South African University Stops Fee Increases After Protests

  • Wits, student leaders will meet to find different fund model
  • Police use stun grenades to disperse UCT students, SABC says

South Africa’s University of the Witwatersrand in Johannesburg suspended a 10 percent tuition-fee increase, after student protests on Monday closed the institution, Vice Chancellor Adam Habib said.

University and student leaders will meet to find a funding model to ensure academic standards are upheld, Habib said in an interview broadcast on Johannesburg-based Power FM.

At the University of Cape Town, police used stun grenades to disperse students who were blocking entrances to a building, the state-owned South African Broadcasting Corp. reported, without saying how it got the information. More than 20 students were arrested for violating a court order obtained by UCT prohibiting them from occupying any of the institution’s properties, it said.

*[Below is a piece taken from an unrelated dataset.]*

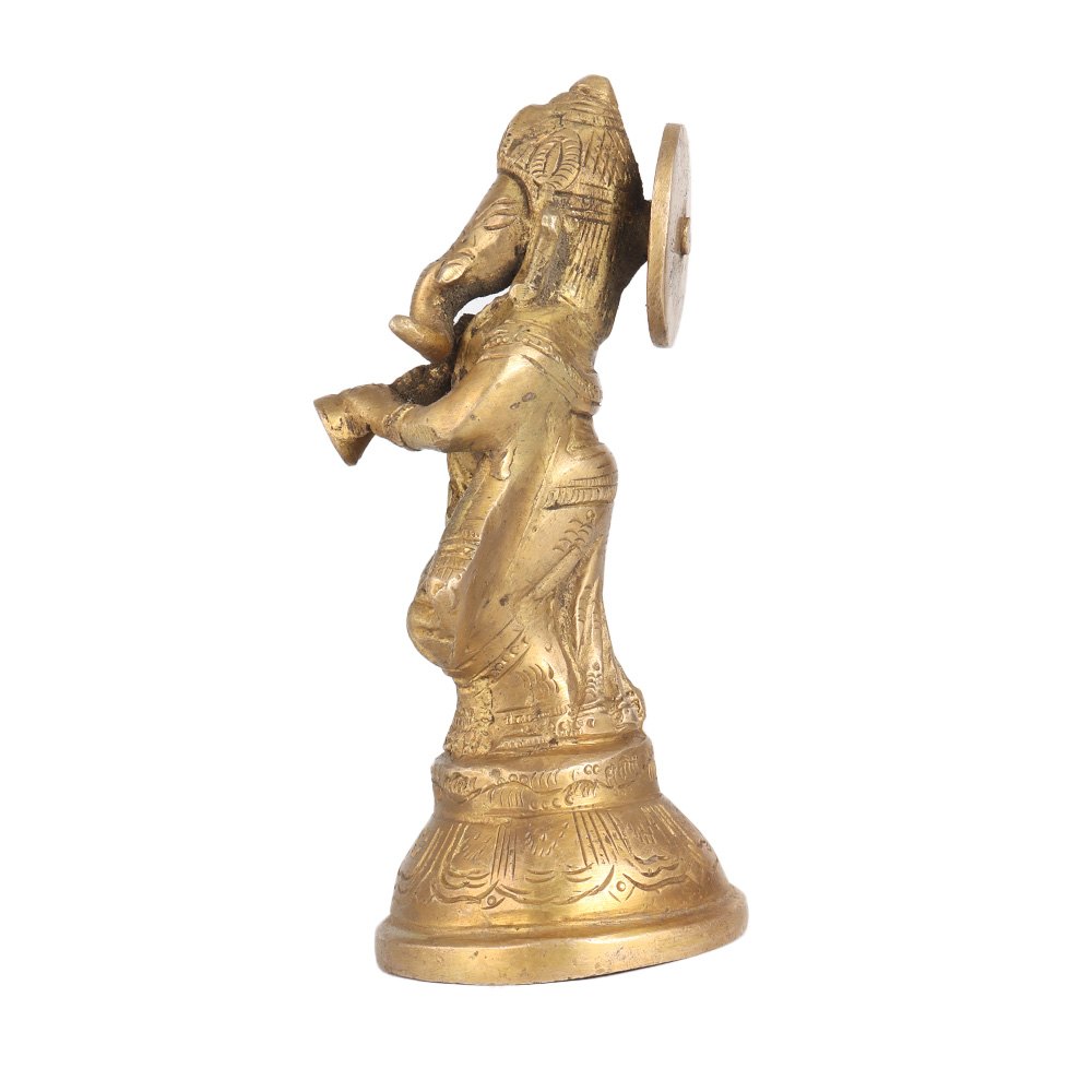 Buy a brass statue of Lord Ganesha that is a beautiful representation of the revered Hindu God, known for his wisdom, intellect, and love for music. In this statue, Lord Ganesha is depicted playing the trumpet, an instrument widely used in Indian classical music. The statue's golden finish enhances its beauty and radiates a sense of positivity and warmth. It is perfect for placing in prayer rooms at home, office, restaurant, hotel, or gym, creating a serene and calming environment. Lord Ganesha is believed to be the remover of obstacles and the lord of new beginnings, and is worshipped by millions of Hindus worldwide. The statue's intricate details and expert craftsmanship make it an exquisite and valuable piece of art, inspiring all who see it. You can gift this auspicious item to your loved ones on special or festive occasions.

The state shouldn’t have to come up with all student funding, Higher Education Minister Blade Nzimande in an interview broadcast on Talk Radio 702.

The schools had proposed tuition increases of more than 10 percent. The education system in South Africa has been undermined by poorly trained teachers and high absenteeism. The pass rate for undergraduate degrees is only about 15 percent, 20 percent of masters students obtain their degrees, and 12 percent of doctoral students graduate, according to a Department of Higher Education report released in 2013.